**MATERIAL SUPPLIED:**
===
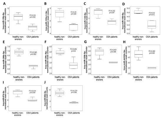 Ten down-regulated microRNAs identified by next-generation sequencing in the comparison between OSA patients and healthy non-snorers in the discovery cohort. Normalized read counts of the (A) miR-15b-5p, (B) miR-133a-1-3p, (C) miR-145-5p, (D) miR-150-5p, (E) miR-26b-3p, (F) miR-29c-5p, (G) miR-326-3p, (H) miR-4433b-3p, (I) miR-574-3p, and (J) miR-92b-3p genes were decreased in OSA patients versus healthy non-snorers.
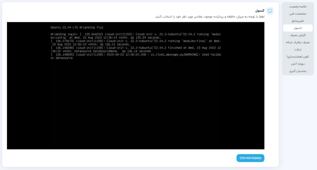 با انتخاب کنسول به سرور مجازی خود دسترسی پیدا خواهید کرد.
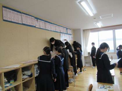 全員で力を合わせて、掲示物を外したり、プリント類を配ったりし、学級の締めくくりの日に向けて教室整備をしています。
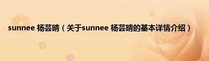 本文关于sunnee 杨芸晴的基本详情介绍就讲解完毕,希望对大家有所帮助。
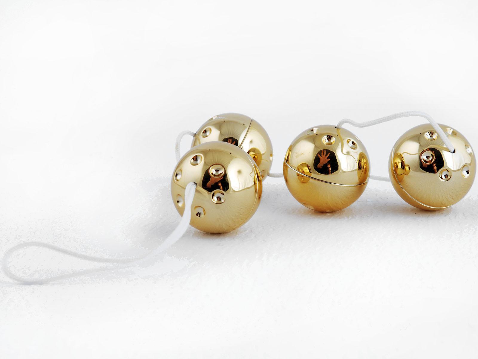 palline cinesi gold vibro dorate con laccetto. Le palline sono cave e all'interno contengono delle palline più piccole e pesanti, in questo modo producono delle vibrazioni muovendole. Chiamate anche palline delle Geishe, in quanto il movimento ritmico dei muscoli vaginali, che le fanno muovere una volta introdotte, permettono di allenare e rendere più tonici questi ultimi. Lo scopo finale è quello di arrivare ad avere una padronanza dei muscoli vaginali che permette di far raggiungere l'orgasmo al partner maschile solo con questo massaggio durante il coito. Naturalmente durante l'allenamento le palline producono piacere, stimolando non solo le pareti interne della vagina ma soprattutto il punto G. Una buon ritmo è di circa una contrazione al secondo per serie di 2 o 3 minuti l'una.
===
**WHAT TO DO:** Give back the full data exactly as it reads, but drop the pictures.

**PROBLEM SOLUTION:**
 Ten down-regulated microRNAs identified by next-generation sequencing in the comparison between OSA patients and healthy non-snorers in the discovery cohort. Normalized read counts of the (A) miR-15b-5p, (B) miR-133a-1-3p, (C) miR-145-5p, (D) miR-150-5p, (E) miR-26b-3p, (F) miR-29c-5p, (G) miR-326-3p, (H) miR-4433b-3p, (I) miR-574-3p, and (J) miR-92b-3p genes were decreased in OSA patients versus healthy non-snorers.
 با انتخاب کنسول به سرور مجازی خود دسترسی پیدا خواهید کرد.
 全員で力を合わせて、掲示物を外したり、プリント類を配ったりし、学級の締めくくりの日に向けて教室整備をしています。
 本文关于sunnee 杨芸晴的基本详情介绍就讲解完毕,希望对大家有所帮助。
 palline cinesi gold vibro dorate con laccetto. Le palline sono cave e all'interno contengono delle palline più piccole e pesanti, in questo modo producono delle vibrazioni muovendole. Chiamate anche palline delle Geishe, in quanto il movimento ritmico dei muscoli vaginali, che le fanno muovere una volta introdotte, permettono di allenare e rendere più tonici questi ultimi. Lo scopo finale è quello di arrivare ad avere una padronanza dei muscoli vaginali che permette di far raggiungere l'orgasmo al partner maschile solo con questo massaggio durante il coito. Naturalmente durante l'allenamento le palline producono piacere, stimolando non solo le pareti interne della vagina ma soprattutto il punto G. Una buon ritmo è di circa una contrazione al secondo per serie di 2 o 3 minuti l'una.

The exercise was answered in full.